Why are slurm jobs frozen forever when they are TensorFlow scripts?

I get this error when I use the slurm workload manager ( http://slurm.schedmd.com/ ). When I run python scripts with a tensor stream, sometimes this leads to an error (attached). It seems that it cannot find the cuda library, but I am running scripts that do not require GPUs. Therefore, I am confused why where it will be a problem at all. Why does installing cuda cause a problem if I don't need it?

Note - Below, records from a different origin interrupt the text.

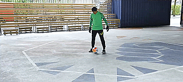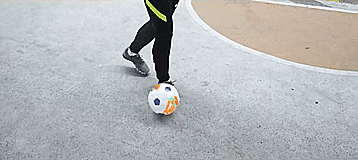 我们将两脚合在一起,确保我们的脚不会离开地面,有点爆发力,用我们的大脚趾击球,将球弹起。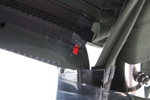 Hi Jesse! Our new side curtains have snaps to hold them down. I’ll try to post some more photos tomorrow morning on commutercruiser. Thx! Jan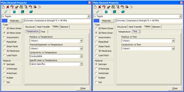Nella sezione "Table" della finestra di dialogo per la definizione dei materiali è possibile assegnare le tabelle in relazione alla variazione delle suddette grandezze con la temperatura od il tempo.
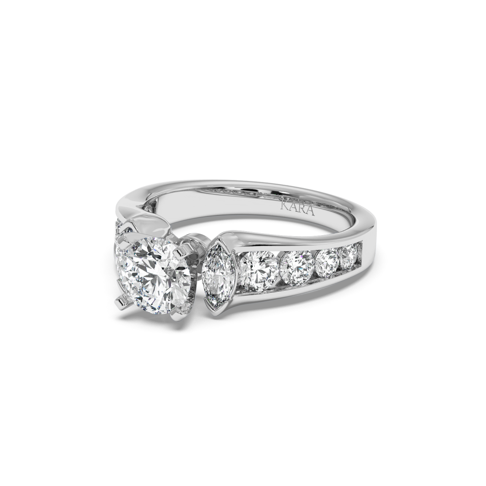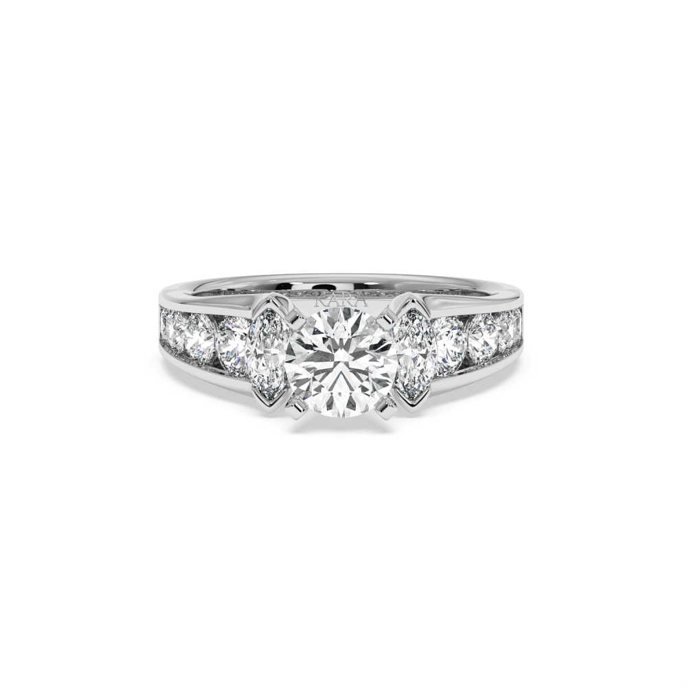 Inel de Logodna cu Diamant Central Rotund de 0.92ct, Diamante Marquise Cut de 0.33ct si Diamante Rotunde Laterale de 0.85ct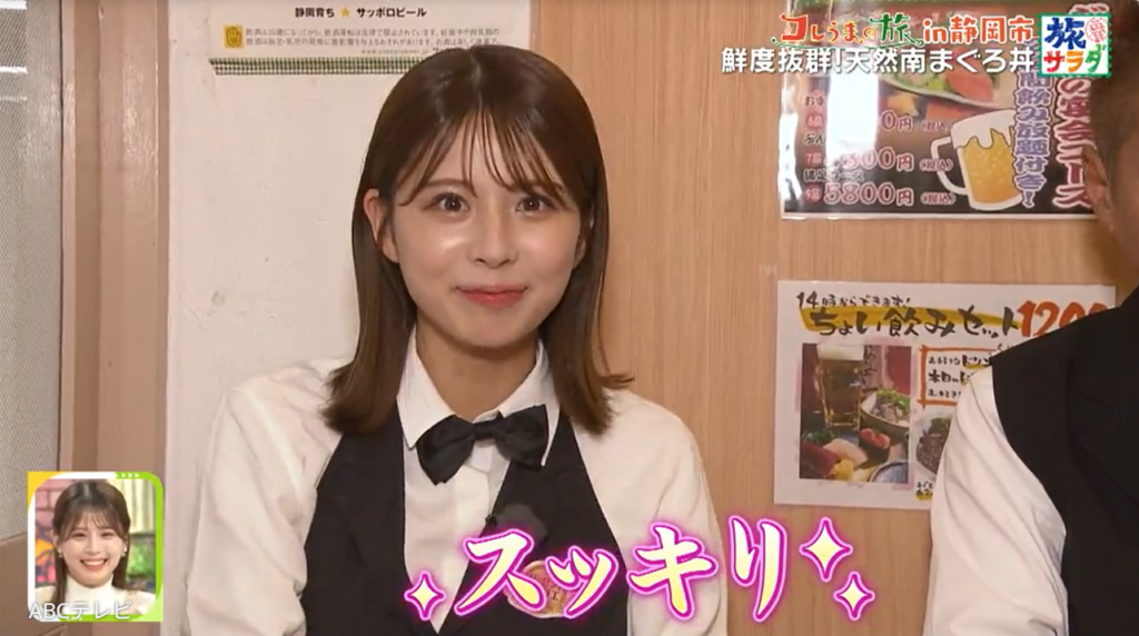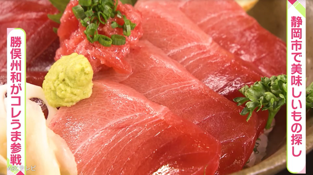 勝俣が張り切って地元民に聞き込み、取材交渉してたどり着いたのは、鮮度抜群のまぐろ丼が味わえる「まぐろ丼 ぶんた」だ。2026年最初の放送ということで、大仁田アナがまず注文したのは、名物のまぐろ……ではなく、静岡の地酒・開運!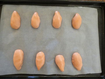 6. Do this with each piece and lay them out on the baking tray.
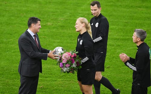 Un bouquet di fiori prima del fischio d'inizio alla signora Steinhaus, che nel 2017 è stata anche la prima donna a dirigere un match di Bundesliga (Herta Berlino e Werder Brema), poi entrata in pianta stabile nelle rotazioni arbitrali.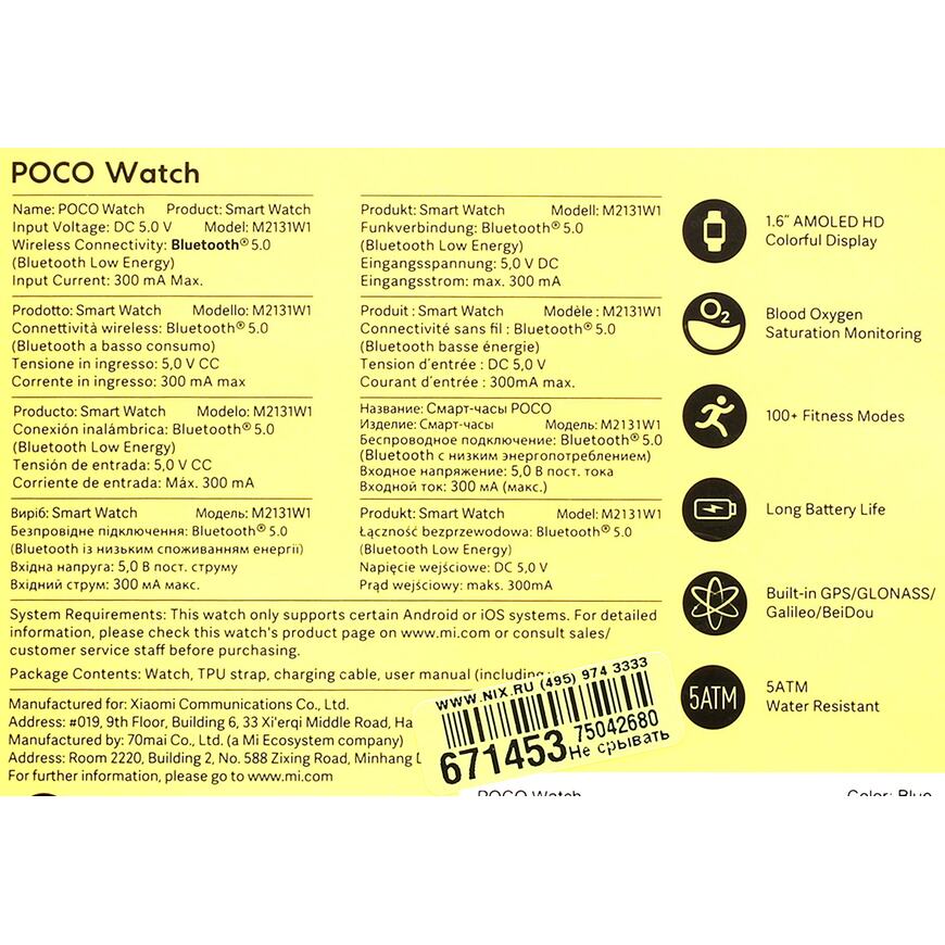 | Описание | Умные часы с AMOLED экраном, функцией вибрации для уведомлений, входящих вызовов и будильника для совместной работы со смартфоном по Bluetooth через приложение Mi Fitness. С помощью часов можно измерять шаги и пройденные километры, получать уведомления вибрацией, читать СМС и почту с экрана, измерять пульс и уровень кислорода в крови встроенным датчиком, разблокировать смартфон на Android, следить за качеством сна, смотреть погоду, использовать будильник и таймер. В часах также присутствуют GPS/ГЛОНАСС. Часы могут работать автономно до 14 дней. В комплекте силиконовый гипоалергенный ремешок. Более 100 различных оформлений экрана, 100+ видов активности, включая Бег на улице, беговая дорожка, на велосипеде, велотренажёр, произвольная активность, ходьба, трекинг, бег по пересечённой местности, бассейн, водоём, крикет, йога и т.п. |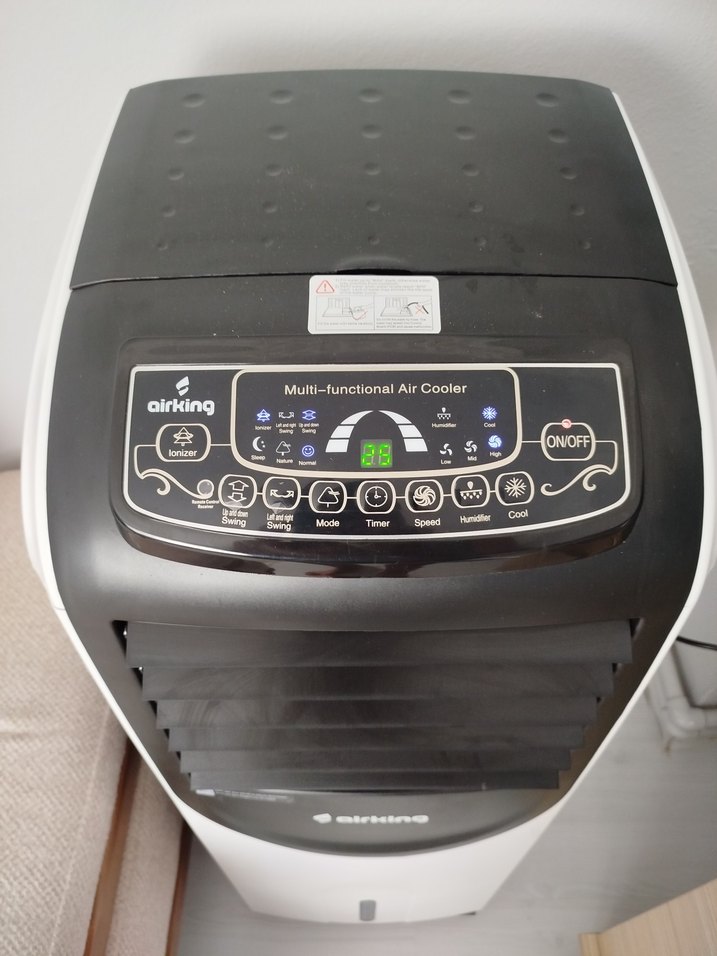 Airking çok fonksiyonlu hava soğutucu, iyonizer, ayarlanabilir hız, zamanlayıcı ve nemlendirici özelliklerine sahiptir. Beyaz ve koyu renk tasarımda, kolay kullanım düğmeleri bulunur. ❄️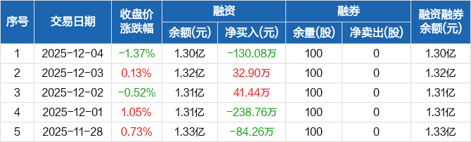 上海汽配:融资净偿还130.08万元,融资余额1.3亿元(12-04)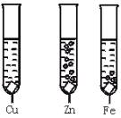 在三支试管中,分别加入等质量的铁、锌、铜三种金属,再分别加入足量的稀硫酸,其中不反应的是 ① ,反应产生气体速度最快的是 ② ;产生气体最多的是 ③ ,铁溶于稀硫酸后,溶液呈 ④ 色.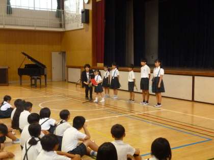 終業式では、1学期を振り返り、1学期にがんばったことやできるようになったことを発表しました。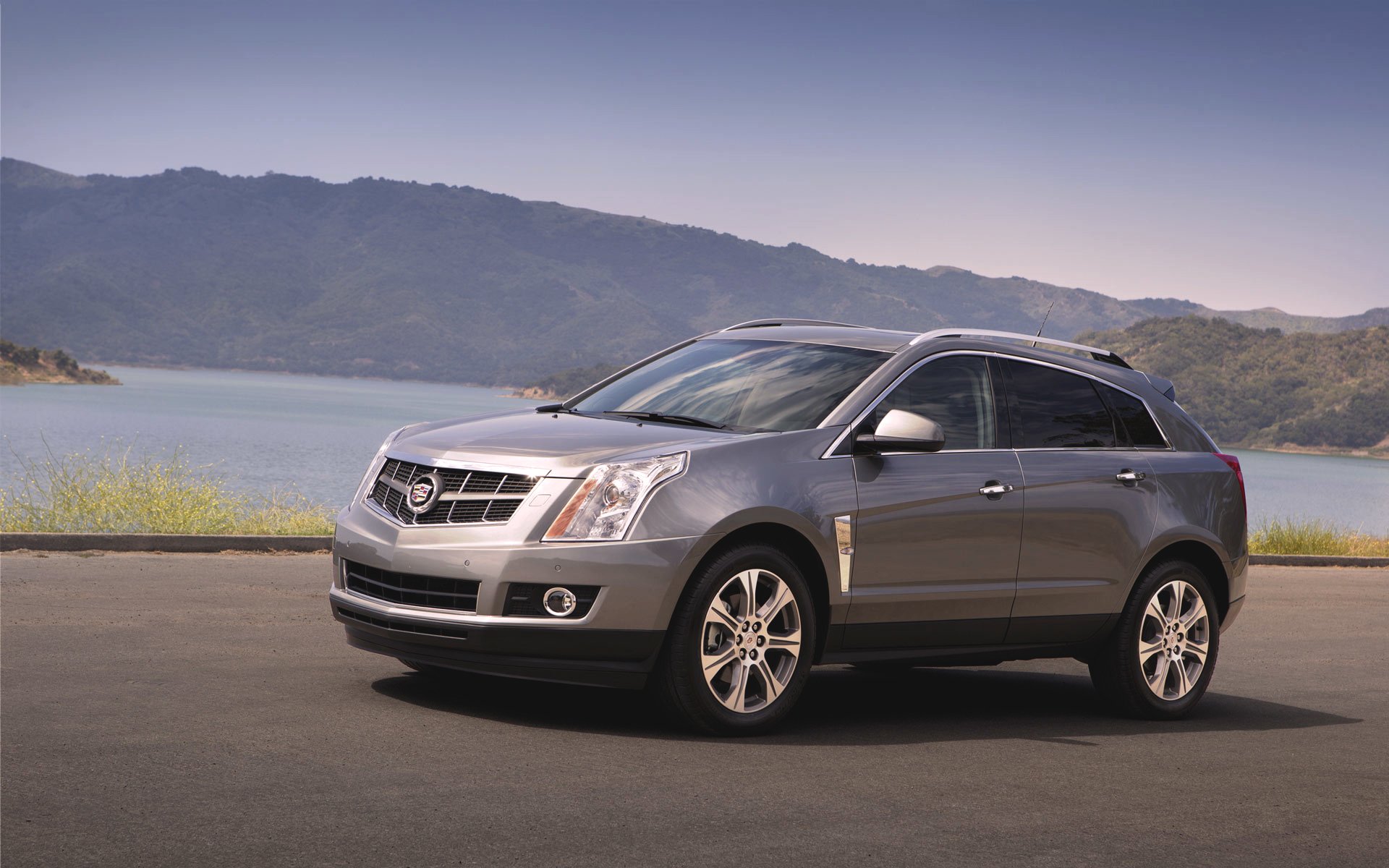 Cadillac srx SUV gris sur fond de montagnes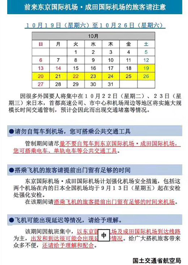 通知特别提醒,请留出充足的时间前往机场,9月13日起,两座机场都已加强安全措施,强化安检;请理解飞机晚点等情况,期间由于航班较集中,以东京国际机场及成田国际机场起降线路为中心,许多起降航班可能发生延误。
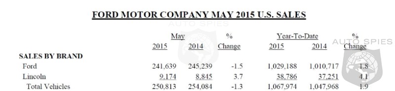 Ford Motor Company’s total U.S. sales of 250,813 vehicles for May declined 1 percent from a year ago. Retail sales of 171,535 vehicles decline 2 percent. Fleet sales of 79,278 vehicles are flat.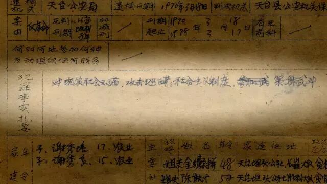 六年前,徐星在北京宋庄无意间发现了一张人像草稿,草稿背面竟然是一张文革时期的“犯人登记表”。徐星一点点翻找,一共找到22张,“犯人信息”都是“文革”期间的“现行反革命”,涉案者大部分是农民,被下放到浙江衢州十里丰农场劳动改造。这些登记表让徐星大受震动,他决定要去浙江寻访这些“文革中的人犯”,做一部他们的《罪行摘要》。

The only useful information I received from the slurm-job_id file was the following:

I tensorflow/stream_executor/dso_loader.cc:108] successfully opened CUDA library libcublas.so locally I tensorflow/stream_executor/dso_loader.cc:102] Couldn't open CUDA library libcudnn.so. LD_LIBRARY_PATH: /cm/shared/openmind/cuda/7.5/lib64:/cm/shared/openmind/cuda/7.5/lib I tensorflow/stream_executor/cuda/cuda_dnn.cc:2092] Unable to load cuDNN DSO I tensorflow/stream_executor/dso_loader.cc:108] successfully opened CUDA library libcufft.so locally I tensorflow/stream_executor/dso_loader.cc:108] successfully opened CUDA library libcuda.so locally I tensorflow/stream_executor/dso_loader.cc:108] successfully opened CUDA library libcurand.so locally E tensorflow/stream_executor/cuda/cuda_driver.cc:491] failed call to cuInit: CUDA_ERROR_NO_DEVICE I tensorflow/stream_executor/cuda/cuda_diagnostics.cc:153] retrieving CUDA diagnostic information for host: node047 I tensorflow/stream_executor/cuda/cuda_diagnostics.cc:160] hostname: node047 I tensorflow/stream_executor/cuda/cuda_diagnostics.cc:185] libcuda reported version is: Not found: was unable to find libcuda.so DSO loaded into this program I tensorflow/stream_executor/cuda/cuda_diagnostics.cc:347] driver version file contents: """NVRM version: NVIDIA UNIX x86_64 Kernel Module 352.63 Sat Nov 7 21:25:42 PST 2015 GCC version: gcc version 4.8.5 20150623 (Red Hat 4.8.5-4) (GCC) """ I tensorflow/stream_executor/cuda/cuda_diagnostics.cc:189] kernel reported version is: 352.63.0 I tensorflow/core/common_runtime/gpu/gpu_init.cc:81] No GPU devices available on machine. 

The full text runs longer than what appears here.